Letter to Latvia on language of instruction in tertiary education by 3 Special Rapporteurs (excerpts), 2018

We have the honour to address you in our capacities as Special Rapporteur on the right to education; Special Rapporteur on the promotion and protection of the right to freedom of opinion and expression and Special Rapporteur on minority issues, pursuant to Human Rights Council resolutions 26/17, 34/18 and 34/6.

In this connection, we would like to bring to the attention of your Excellency’s Government information we have received concerning the adoption of amendments to the Law on Institutions of Higher Education, which appear to impose restrictions on the educational and linguistic rights of minorities in Latvia.


  • According to the new information received:
  • On 21 June 2018, the Saeima (Parliament) of Latvia adopted amendments to Article 56 (Regulation of Studies) of the Law on Institutions of Higher Education of 1997 (No. 998/Lp12). The amendment expands the application of paragraph three of article 56, which dictates that study programmes of higher education institutions shall be implemented in the official language in State colleges and universities, to private institutions.
  • The initial wording of paragraph 3 of Section 56 was as follows:
  • “The study programmes of State-founded institutions of higher education shall be implemented in the official language.”
  • The amendment to the Section 56 takes out the expression “State-founded” so as to read as follows:
  • “The study programmes of institutions of higher education shall be implemented in the official language.”
  • The amendment is expected to come into force in January 2019 and the current students of private colleges and universities will have a transition period with the opportunity to study under the former language regime until 2022, whereas the newly enrolled students will be submitted to the new language regulations as per the new amendment.
  • It is reported that more than one third of all students studying in Latvian private universities currently use Russian as their language of instruction. The amendment to article 56 will prevent, inter alia, members of minorities in Latvia from obtaining higher education in their native language since their respective minority languages are not considered official languages in Latvia.

We wish to express our concern that the new amendment, if adopted, would curtail the rights of minorities in Latvia to receive education at the tertiary level in their mother tongue. The adoption of these amendments will have a negative impact on the protection and promotion of the rights of minorities in Latvia, and in particular with regard to the right to education without discrimination of minority students in relation to the use of their mother tongue. We are concerned that the proposed amendments,  by extending the requirement of instruction in the official language to private institutions for higher education would lead to undue inference with the right to freedom of expression, which includes the right to seek, receive and impart information of all kinds, regardless of the language used. Such a requirement would interfere with the autonomy of private institutions for higher education, and may also limit the accessibility of higher education for minority students.

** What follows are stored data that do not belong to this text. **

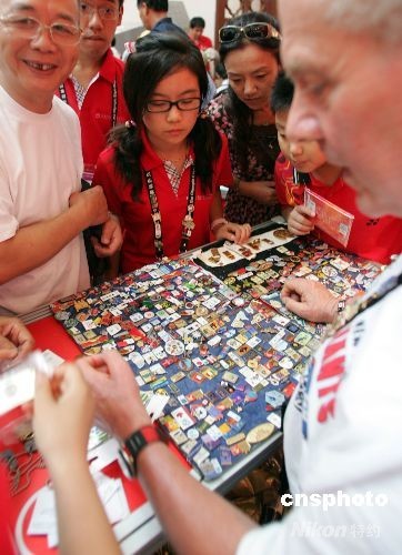 8月12日,眾多“國際級(jí)”紀(jì)念章收藏者在北京奧林匹克博覽會(huì)上擺攤兒,與前來歡享北京奧運(yùn)會(huì)的世界各地體育迷交換體育紀(jì)念章。象征著友誼的紀(jì)念章在奧林匹克的節(jié)日里——只換,不賣。中新社發(fā) 楊可佳 攝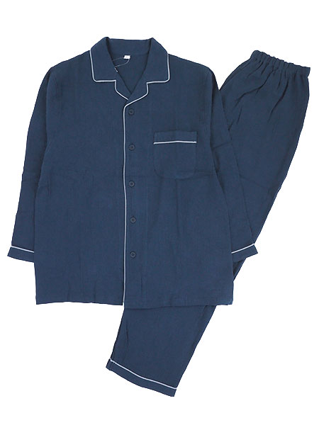 NERUGY 紳士長袖・長パンツパジャマ 綿100%ダブルガーゼ 無地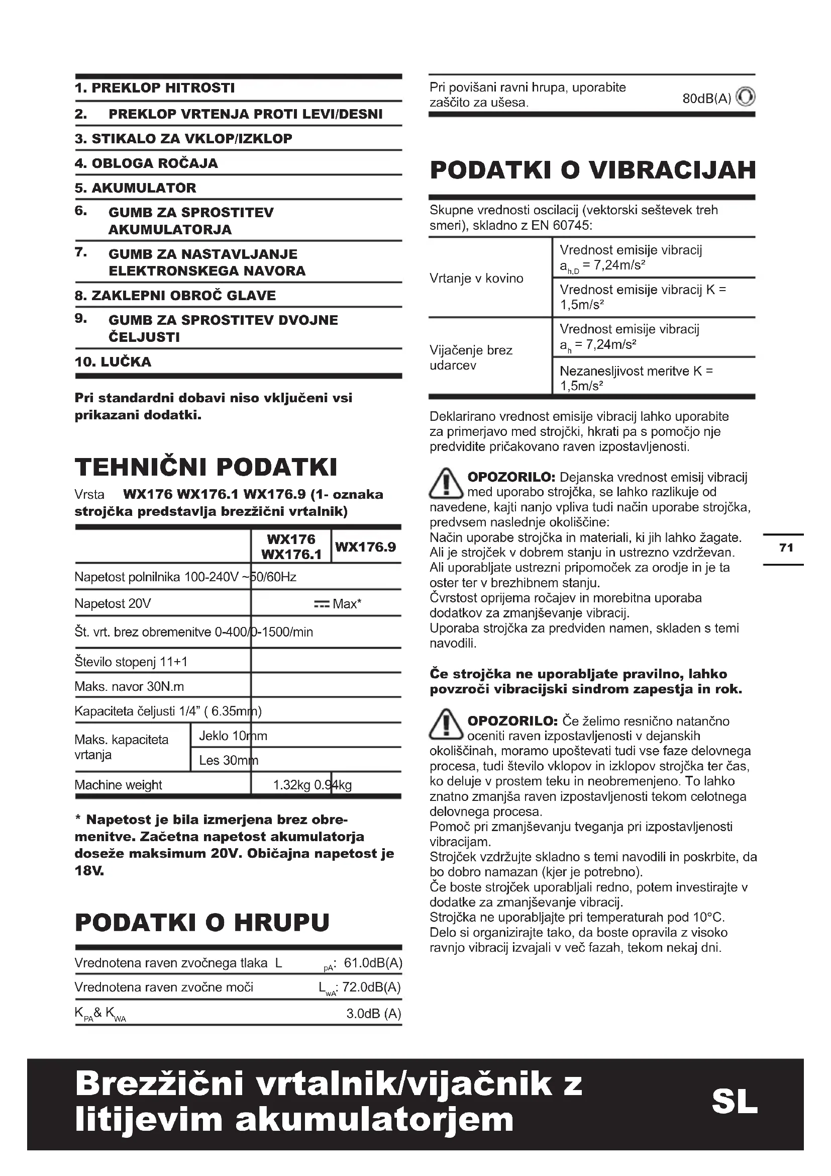NAVODILA ZA UPORABO WX176.9 WORX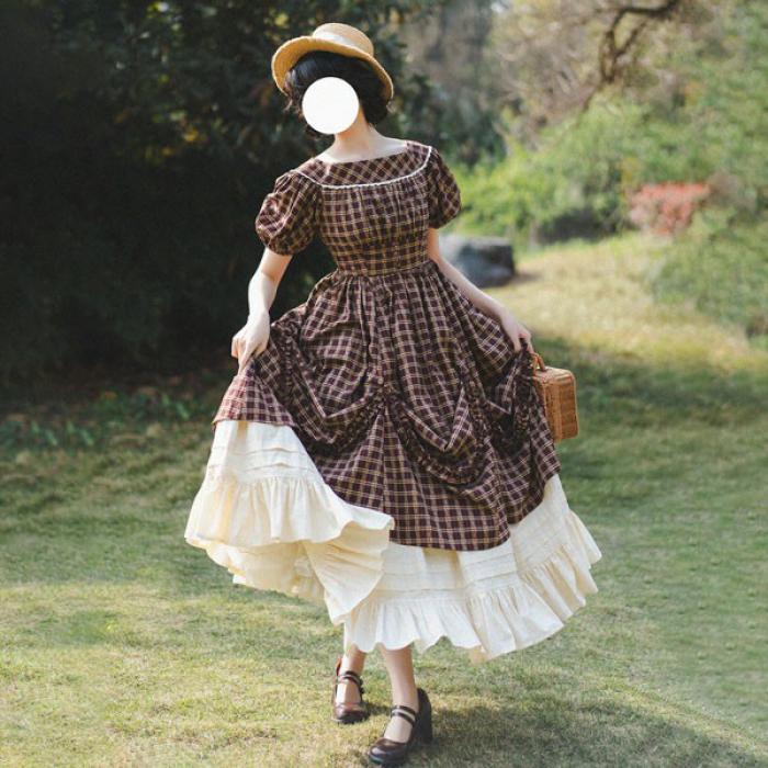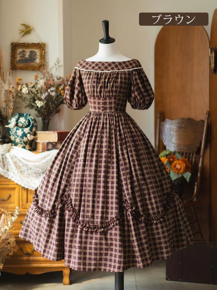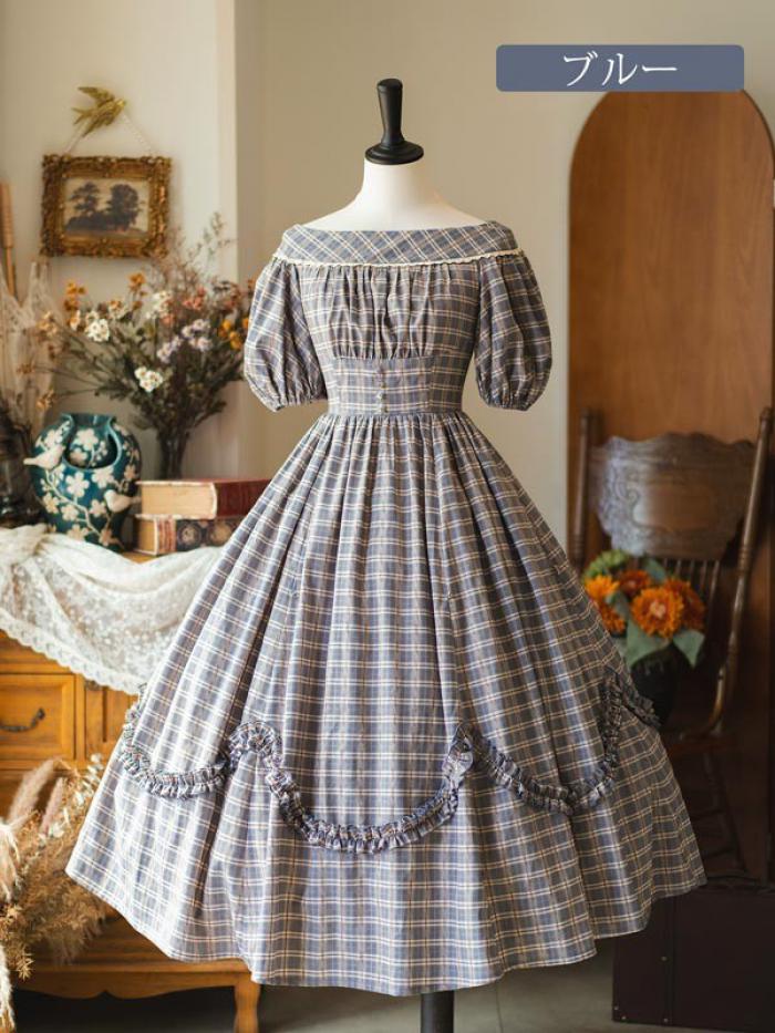 ロリータ ワンピース 2WAY オフショルダー チェック柄 春夏用 着丈調整可 ペチスカート追加可 半袖 レディース フレアスカート リゾートワンピ 日常着 お出かけ 旅行 衣装 大人 仮装 コスプレ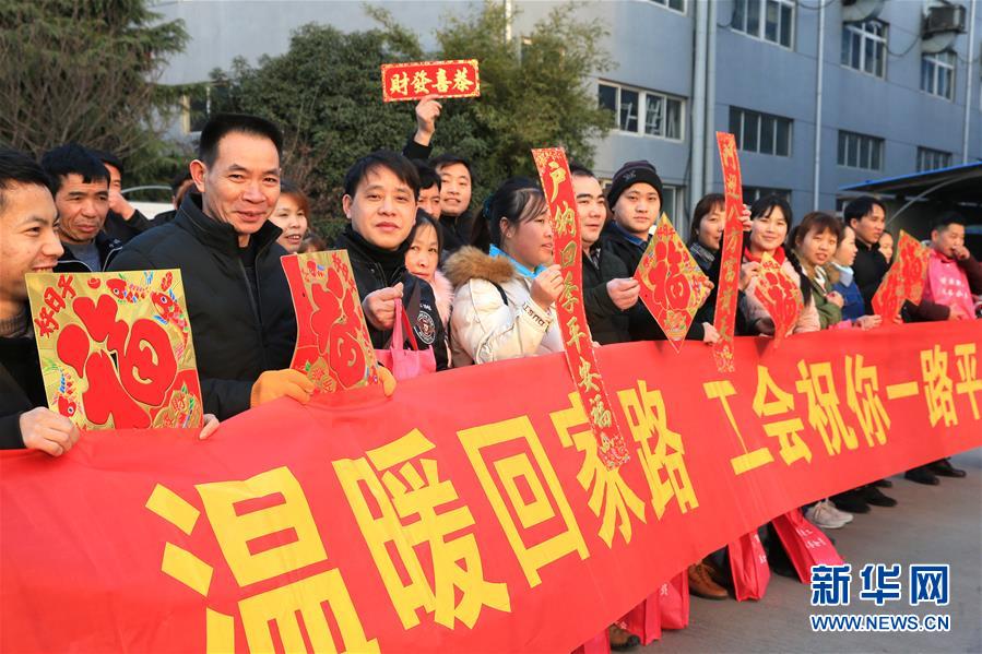1月26日,在浙江省德清县钟管镇一家公司,员工准备乘坐公司的包车踏上返乡旅程。 新华社发(姚海翔 摄)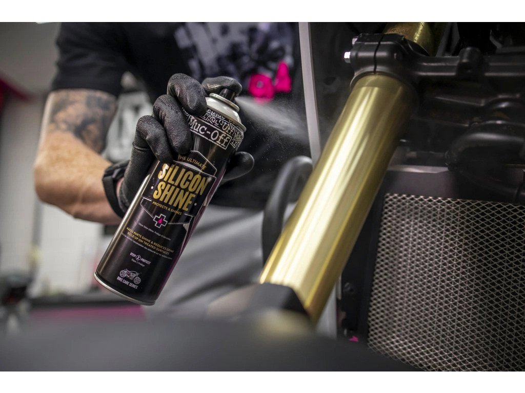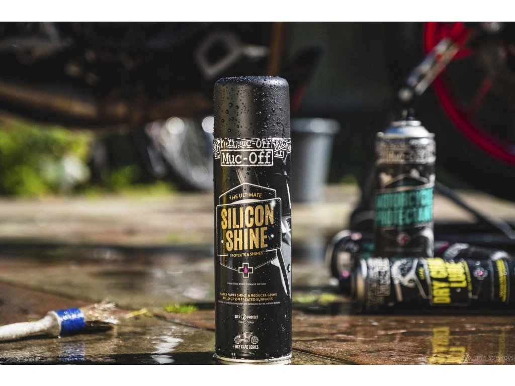 MUC-OFF SILICON SHINE zanechává blyštivý povrch na kovech, gumě a plastech. Nerozežírá ani nezměkčuje gumové a plastové díly, jako to dělají některé jiné hydrokarbonové spreje. Navíc jeho pravidelné používání pomáhá prodloužit životnost ošetřovaný komponentů!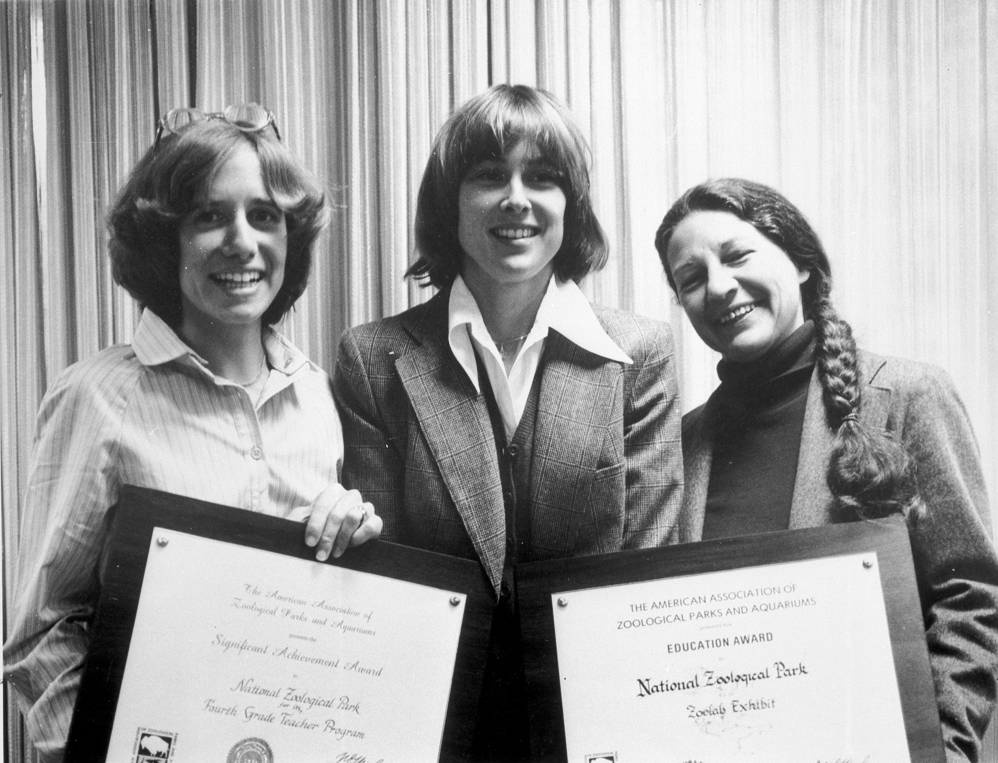 National Zoological Park staffers with 1978 Education Awards: (l-r), Judy Herman, Judith White, and Marlene Robinson from the Office of Education.

In addition, we are concerned that the adoption of the amendments to the Law on Institutions of Higher Education has followed the adoption in March 2018 of amendments to the Law on Education. They have led to the removal of teaching in minority languages at the general and professional secondary level education, in both public and private educational institutions, and to the reduction of the portion of minority language education in the last three grades of basic education (grade 7 to 9) in those educational institutions that implement minority educational programmes.

The proposed amendments would, if adopted, contravene the international human rights obligations of Latvia, in particular the International Covenant on Civil and Political Rights (ICCPR) to which Latvia is a party since 14 April 1992. Article 27 of the Covenant states that: “In those States in which ethnic, religious or linguistic minorities exist, persons belonging to such minorities shall not be denied the right, in community with the other members of their group, to enjoy their own culture, to profess and practice their own religion, or to use their own language”.

Moreover, Article 19(1) of the ICCPR establishes “the right to hold opinions without interference”. The right to hold opinions is so fundamental that it is “a right to which the Covenant permits no exception or restriction” (CCPR/C/GC/34).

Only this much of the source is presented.